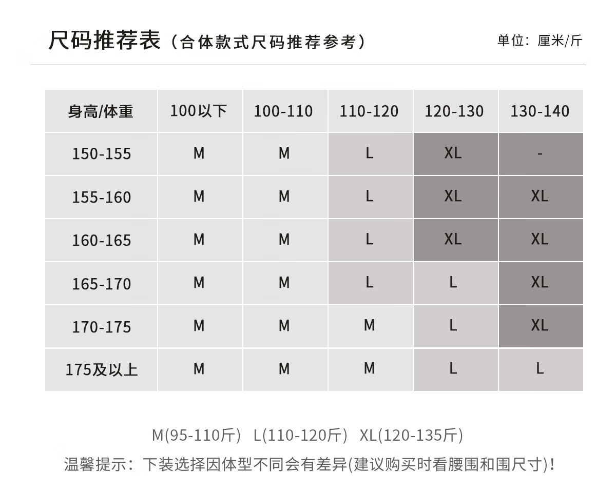 China (cm) 160-165/84-86 165-170 / 88-90 167-172 / 92-96 168-173 / 98-102 170-176 / 106-110
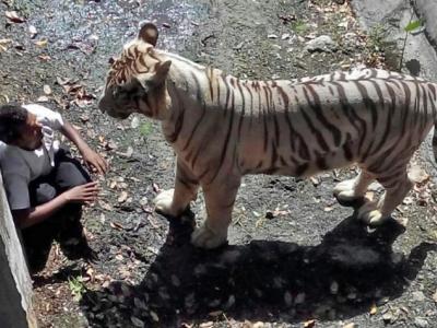 印度新德里动物园游客意外闯入老虎地头被
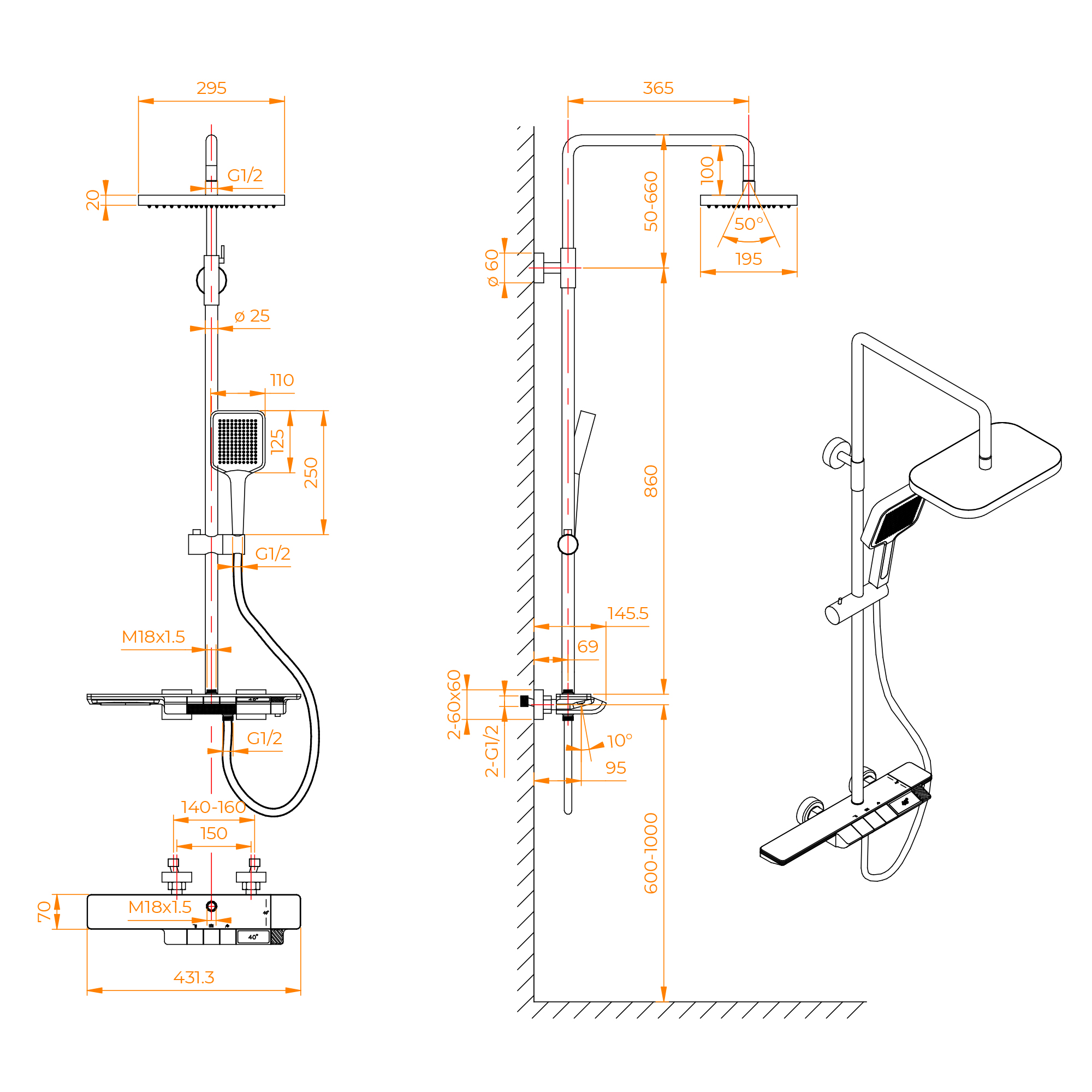 Душевая стойка с термостатом
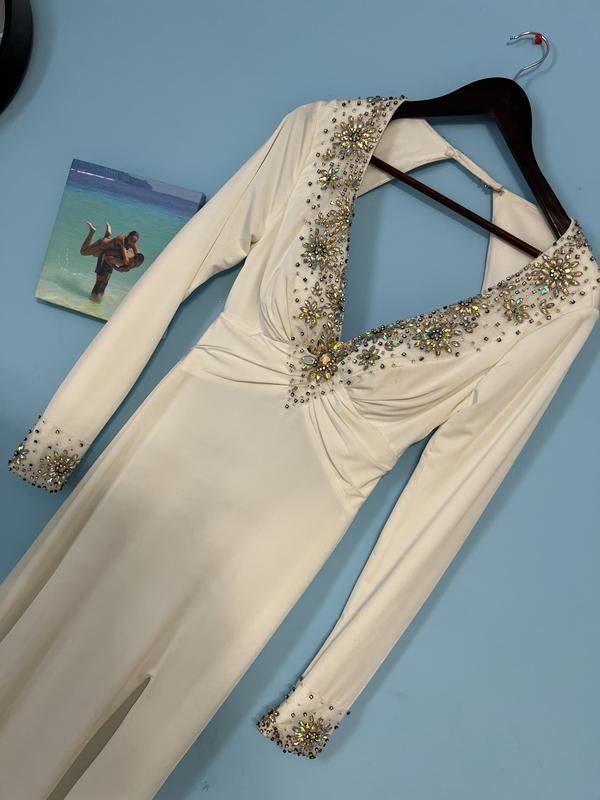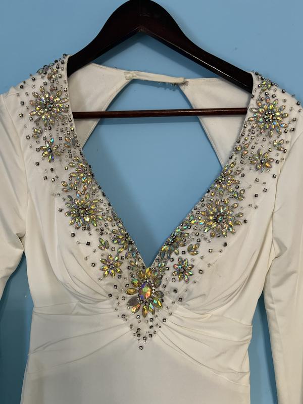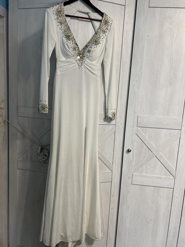 сукня jovani,оригінальна купляла в салоні весільних суконь,вдягена один раз в день розпису в Рагсі!вона дуже гарна і стильна,розріз від бедра розмір с-м,камінці всі на місці
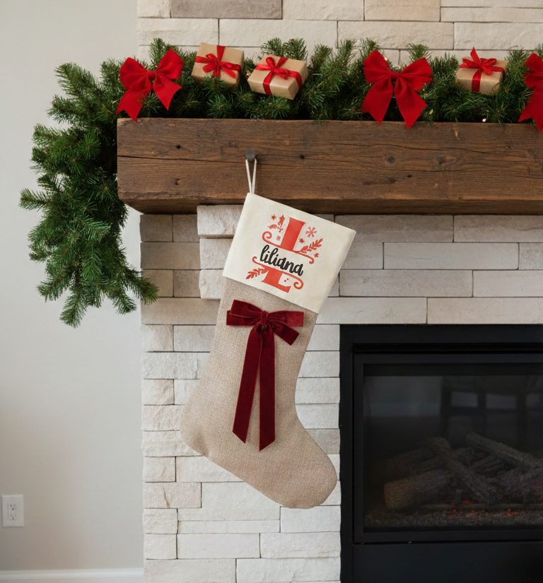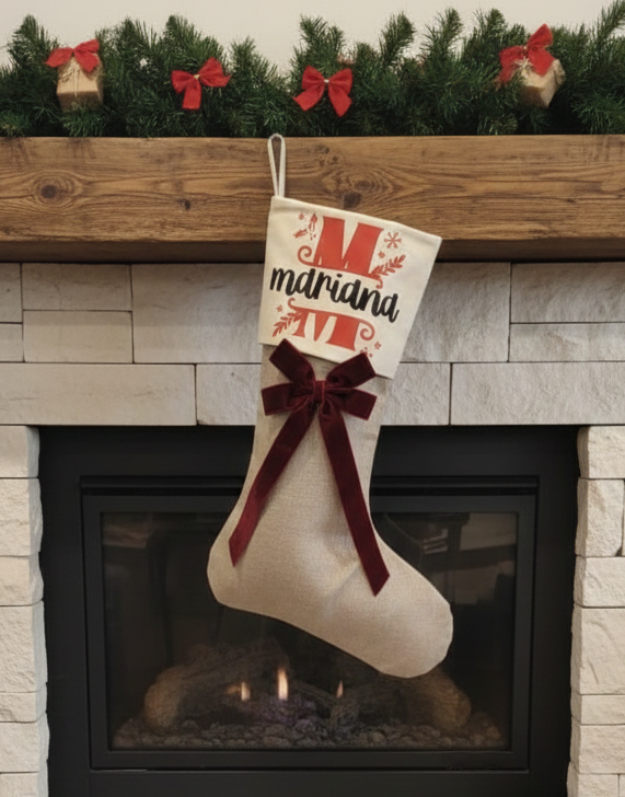 Celebre o seu Natal com esta bota personalizada com o seu nome e um laço perfeito, ideal para receber os seus presentes e guardar como recordação especial da época natalícia!

##############################

**WHAT THE EXERCISE ASKS**
With all pictures omitted, repeat every record above word for word.

**SOLVED PROBLEM**
 China (cm) 160-165/84-86 165-170 / 88-90 167-172 / 92-96 168-173 / 98-102 170-176 / 106-110
 印度新德里动物园游客意外闯入老虎地头被
 Душевая стойка с термостатом
 сукня jovani,оригінальна купляла в салоні весільних суконь,вдягена один раз в день розпису в Рагсі!вона дуже гарна і стильна,розріз від бедра розмір с-м,камінці всі на місці
 Celebre o seu Natal com esta bota personalizada com o seu nome e um laço perfeito, ideal para receber os seus presentes e guardar como recordação especial da época natalícia!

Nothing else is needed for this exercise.